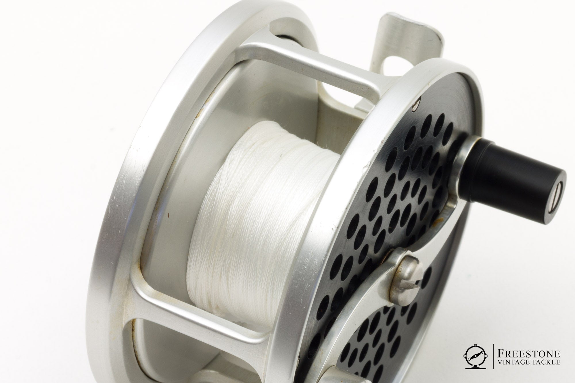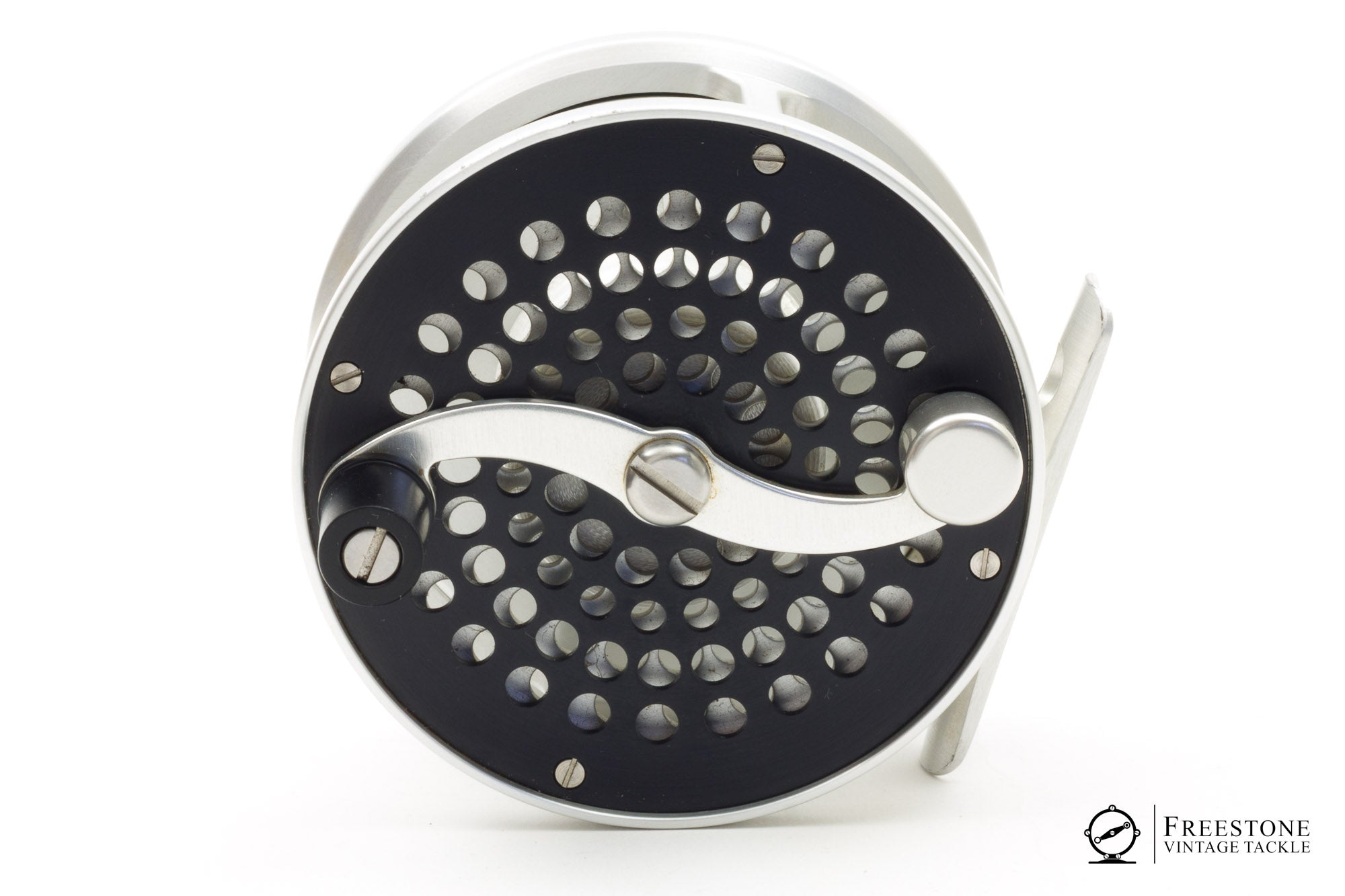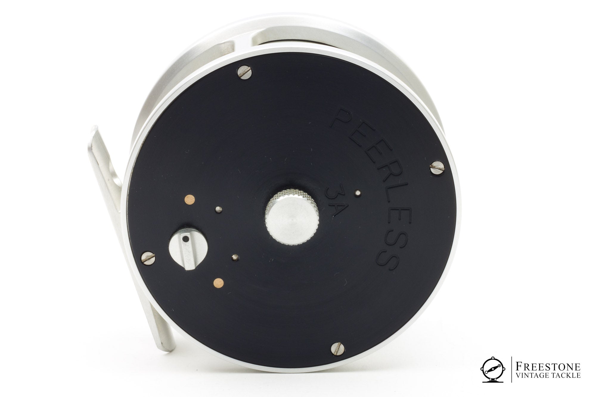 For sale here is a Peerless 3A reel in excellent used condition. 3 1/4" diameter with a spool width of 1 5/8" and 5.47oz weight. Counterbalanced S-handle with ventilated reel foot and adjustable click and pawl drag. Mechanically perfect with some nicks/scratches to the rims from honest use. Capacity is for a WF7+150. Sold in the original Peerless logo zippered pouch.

--

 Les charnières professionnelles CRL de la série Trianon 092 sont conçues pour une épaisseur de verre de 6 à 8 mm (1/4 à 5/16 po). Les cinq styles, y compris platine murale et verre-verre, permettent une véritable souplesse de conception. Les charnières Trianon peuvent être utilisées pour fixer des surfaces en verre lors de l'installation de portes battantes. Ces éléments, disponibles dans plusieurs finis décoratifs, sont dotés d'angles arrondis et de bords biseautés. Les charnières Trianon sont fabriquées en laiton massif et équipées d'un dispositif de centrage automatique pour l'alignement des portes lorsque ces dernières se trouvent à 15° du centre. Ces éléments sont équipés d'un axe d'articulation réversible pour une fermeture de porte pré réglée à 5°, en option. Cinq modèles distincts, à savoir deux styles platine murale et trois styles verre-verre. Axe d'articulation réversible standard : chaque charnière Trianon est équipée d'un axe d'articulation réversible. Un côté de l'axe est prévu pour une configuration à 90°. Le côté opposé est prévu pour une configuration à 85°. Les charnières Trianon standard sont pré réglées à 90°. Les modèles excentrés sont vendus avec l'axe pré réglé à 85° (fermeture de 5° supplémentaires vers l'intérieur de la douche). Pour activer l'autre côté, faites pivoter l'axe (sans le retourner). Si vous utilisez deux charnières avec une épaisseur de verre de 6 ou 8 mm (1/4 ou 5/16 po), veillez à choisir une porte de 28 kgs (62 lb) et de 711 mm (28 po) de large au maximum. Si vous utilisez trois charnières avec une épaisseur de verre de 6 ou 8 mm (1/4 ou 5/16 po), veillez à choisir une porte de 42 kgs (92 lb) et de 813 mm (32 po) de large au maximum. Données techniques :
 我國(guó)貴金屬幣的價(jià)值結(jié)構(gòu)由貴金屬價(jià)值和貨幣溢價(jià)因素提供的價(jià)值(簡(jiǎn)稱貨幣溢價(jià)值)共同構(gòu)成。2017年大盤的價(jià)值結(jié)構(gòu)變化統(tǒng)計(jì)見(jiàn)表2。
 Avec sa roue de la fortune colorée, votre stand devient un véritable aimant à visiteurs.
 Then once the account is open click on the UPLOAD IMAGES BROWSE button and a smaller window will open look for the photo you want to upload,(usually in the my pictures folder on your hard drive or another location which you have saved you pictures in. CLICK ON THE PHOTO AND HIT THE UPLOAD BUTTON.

* * *

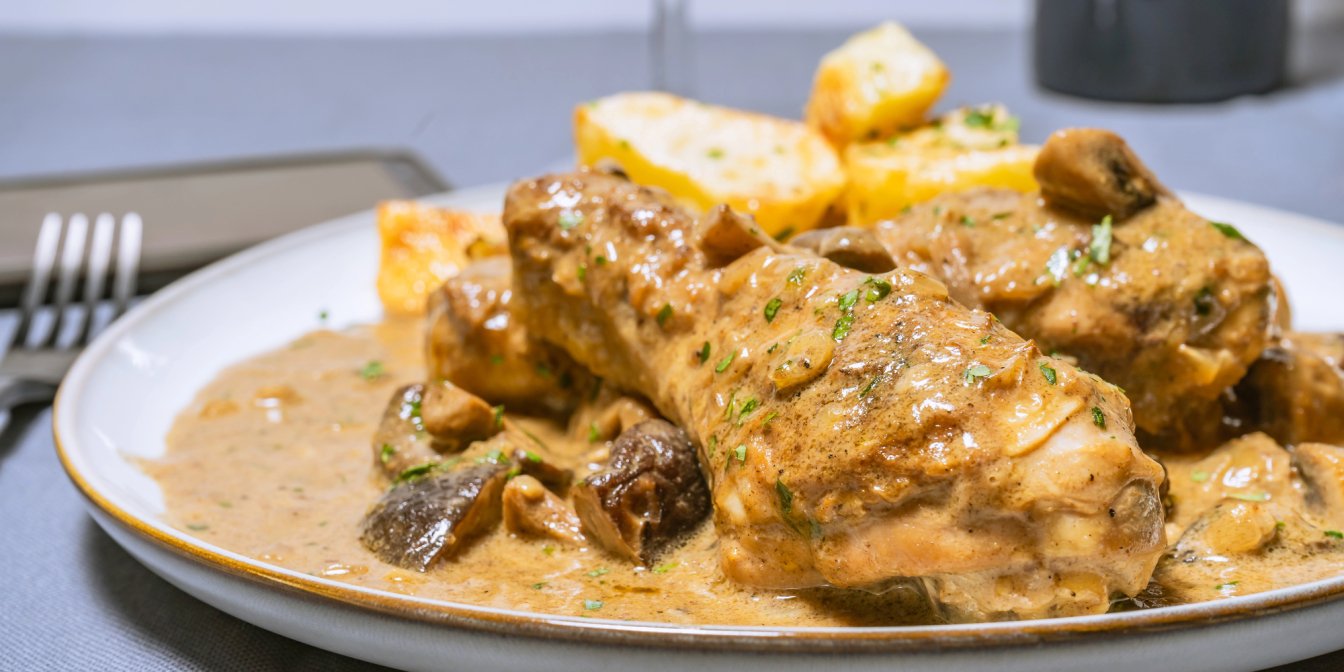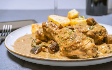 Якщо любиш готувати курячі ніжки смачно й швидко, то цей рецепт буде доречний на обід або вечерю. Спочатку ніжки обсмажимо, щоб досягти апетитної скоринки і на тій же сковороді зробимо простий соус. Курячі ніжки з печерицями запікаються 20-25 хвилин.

[YOUR ASSIGNMENT] All lines above from the one containing "我國(guó)貴金屬幣的價(jià)值結" to the one containing "Avec sa roue" must be repeated exactly, both lines included, and no others.

[SOLUTION]
 我國(guó)貴金屬幣的價(jià)值結(jié)構(gòu)由貴金屬價(jià)值和貨幣溢價(jià)因素提供的價(jià)值(簡(jiǎn)稱貨幣溢價(jià)值)共同構(gòu)成。2017年大盤的價(jià)值結(jié)構(gòu)變化統(tǒng)計(jì)見(jiàn)表2。
 Avec sa roue de la fortune colorée, votre stand devient un véritable aimant à visiteurs.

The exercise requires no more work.